3.3 Spectrum calculation from an incomplete interferogram

We now focus on the spectrum estimation. The biggest challenge in this calculation is the quality of the phase estimation and its subsequent use.

There are many culprits that explain an erroneous phase (Fig. 2), some of them producing a non-linear phase [1]. Unfortunately, this means that the Zero Path Difference (ZPD) is undefined and thus there is an ambiguity in defining the center of the interferogram.

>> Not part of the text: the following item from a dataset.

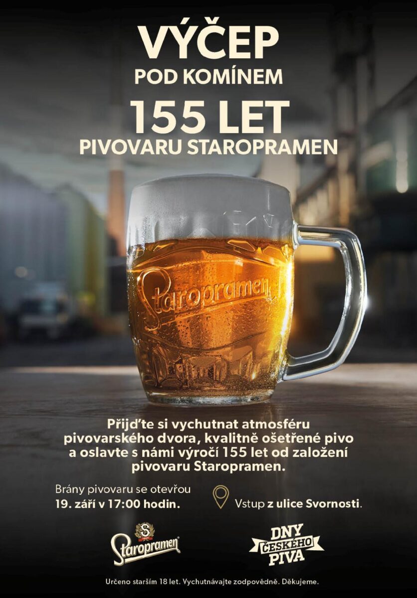 Pivovar Staropramen slaví výročí 155 let od svého založení. Oslavy se odehrají prostřednictvím oblíbeného Výčepu pod komínem, který se uskuteční ve čtvrtek 19. září od 17 hodin a nabídne nejen výborné pivo, ale také jedinečnou příležitost připít si na významné jubileum. Návštěvníci se mohou těšit na tankovou Staropramen 10 a letošní novinky Extra Chmel, Staropramen Nealko, […]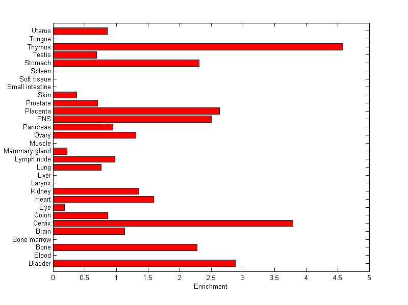 The expression level is normalized with tissue-library size. Each value for a gene in a tissue is a ratio of observed ESTs to the expected one in this tissue. The expected number of ESTs is the product of total ESTs of the gene and the fraction of total ESTs in the tissue among all ESTs in 30 tissues.

This is troublesome since the phase measurement should be done on the centered and balanced interferogram extracted from the asymmetrical initial interferogram (of Fig. 3). And we have, to our knowledge, no way to know it beforehand.

Thus we propose to test iteratively all likely centers until we find the best one. All that remains to be done is to define the criterion for doing so.

3.3.1 Centering the phase-distorted interferogram

We choose to use the quality of the final spectrum as a criterion, since it is the end result of the whole process. Because we won’t know in advance the spectrum we will measure, it is impossible to use any error function, thus we simply tested the non-trivial property that spectra possess. their positivity. So we will simply choose the center that gives the least negative parts on the whole final spectrum. Figure 9 gives an example of spectrum miscalculation.

 figure: Fig. 9.

Fig. 9. Spectrum obtained by our final estimator by shifting the center of the interferogram under test by 7 samples.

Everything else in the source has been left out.